- _Description of the task_:
From the records below, please repeat exactly the line that has "白の上下、黒地に白の水玉柄ス", the line that has "La informática es", and every line between them, and nothing else.

- _Supplied information_:
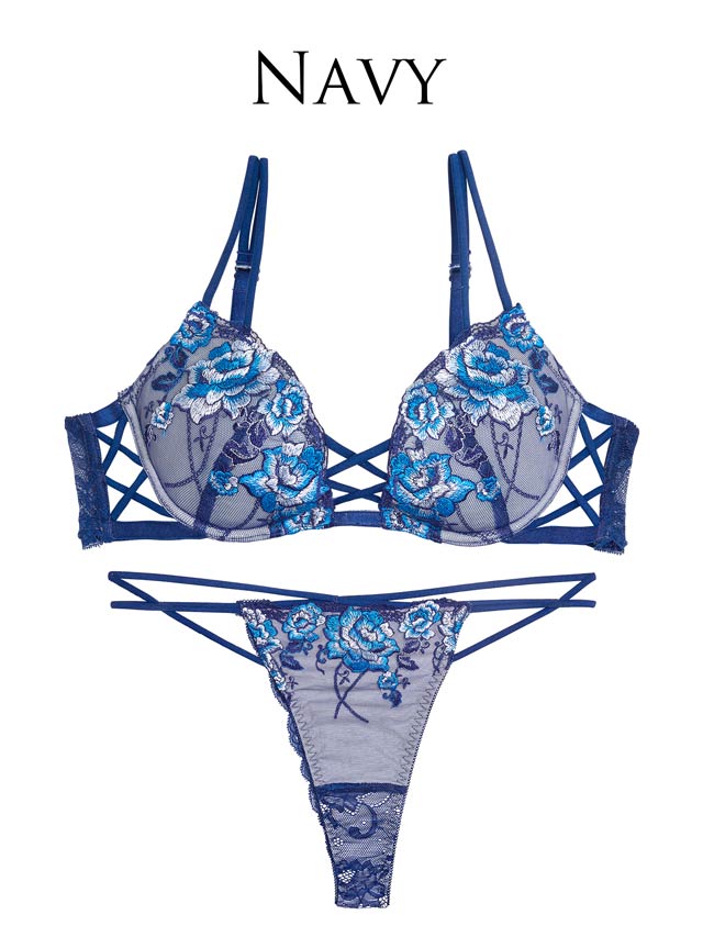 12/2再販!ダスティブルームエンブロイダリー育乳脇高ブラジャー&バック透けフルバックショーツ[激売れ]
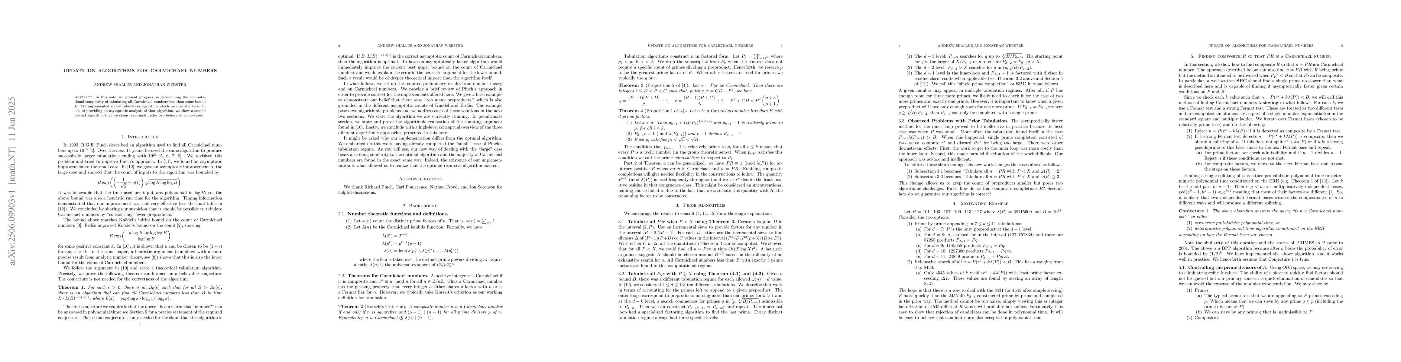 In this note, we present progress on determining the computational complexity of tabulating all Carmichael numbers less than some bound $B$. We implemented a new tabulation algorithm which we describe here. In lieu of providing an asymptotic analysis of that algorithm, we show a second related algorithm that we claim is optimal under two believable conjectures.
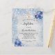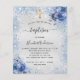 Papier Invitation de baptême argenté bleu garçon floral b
* * *
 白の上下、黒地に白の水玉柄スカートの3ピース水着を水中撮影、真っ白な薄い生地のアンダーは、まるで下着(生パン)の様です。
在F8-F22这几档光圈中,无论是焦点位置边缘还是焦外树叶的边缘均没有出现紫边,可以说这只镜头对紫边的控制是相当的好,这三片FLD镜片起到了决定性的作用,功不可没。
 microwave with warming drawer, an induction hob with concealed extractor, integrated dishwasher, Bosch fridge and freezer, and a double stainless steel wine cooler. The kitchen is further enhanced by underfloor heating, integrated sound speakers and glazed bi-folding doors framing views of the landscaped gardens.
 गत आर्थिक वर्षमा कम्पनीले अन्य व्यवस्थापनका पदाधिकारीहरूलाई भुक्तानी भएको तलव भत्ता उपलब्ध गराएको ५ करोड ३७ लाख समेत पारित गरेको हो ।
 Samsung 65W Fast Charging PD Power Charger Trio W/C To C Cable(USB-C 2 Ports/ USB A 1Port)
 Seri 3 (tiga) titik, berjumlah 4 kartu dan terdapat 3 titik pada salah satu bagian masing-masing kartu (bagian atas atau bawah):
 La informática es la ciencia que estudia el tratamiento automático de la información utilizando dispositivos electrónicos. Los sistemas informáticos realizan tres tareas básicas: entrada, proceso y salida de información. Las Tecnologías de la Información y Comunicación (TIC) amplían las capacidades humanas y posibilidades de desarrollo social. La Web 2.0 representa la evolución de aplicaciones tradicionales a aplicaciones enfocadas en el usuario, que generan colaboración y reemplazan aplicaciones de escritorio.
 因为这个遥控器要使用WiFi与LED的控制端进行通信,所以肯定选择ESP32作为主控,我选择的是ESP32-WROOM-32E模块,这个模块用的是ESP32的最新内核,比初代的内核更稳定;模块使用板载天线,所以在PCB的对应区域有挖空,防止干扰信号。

- _Exercise solution_:
 白の上下、黒地に白の水玉柄スカートの3ピース水着を水中撮影、真っ白な薄い生地のアンダーは、まるで下着(生パン)の様です。
在F8-F22这几档光圈中,无论是焦点位置边缘还是焦外树叶的边缘均没有出现紫边,可以说这只镜头对紫边的控制是相当的好,这三片FLD镜片起到了决定性的作用,功不可没。
 microwave with warming drawer, an induction hob with concealed extractor, integrated dishwasher, Bosch fridge and freezer, and a double stainless steel wine cooler. The kitchen is further enhanced by underfloor heating, integrated sound speakers and glazed bi-folding doors framing views of the landscaped gardens.
 गत आर्थिक वर्षमा कम्पनीले अन्य व्यवस्थापनका पदाधिकारीहरूलाई भुक्तानी भएको तलव भत्ता उपलब्ध गराएको ५ करोड ३७ लाख समेत पारित गरेको हो ।
 Samsung 65W Fast Charging PD Power Charger Trio W/C To C Cable(USB-C 2 Ports/ USB A 1Port)
 Seri 3 (tiga) titik, berjumlah 4 kartu dan terdapat 3 titik pada salah satu bagian masing-masing kartu (bagian atas atau bawah):
 La informática es la ciencia que estudia el tratamiento automático de la información utilizando dispositivos electrónicos. Los sistemas informáticos realizan tres tareas básicas: entrada, proceso y salida de información. Las Tecnologías de la Información y Comunicación (TIC) amplían las capacidades humanas y posibilidades de desarrollo social. La Web 2.0 representa la evolución de aplicaciones tradicionales a aplicaciones enfocadas en el usuario, que generan colaboración y reemplazan aplicaciones de escritorio.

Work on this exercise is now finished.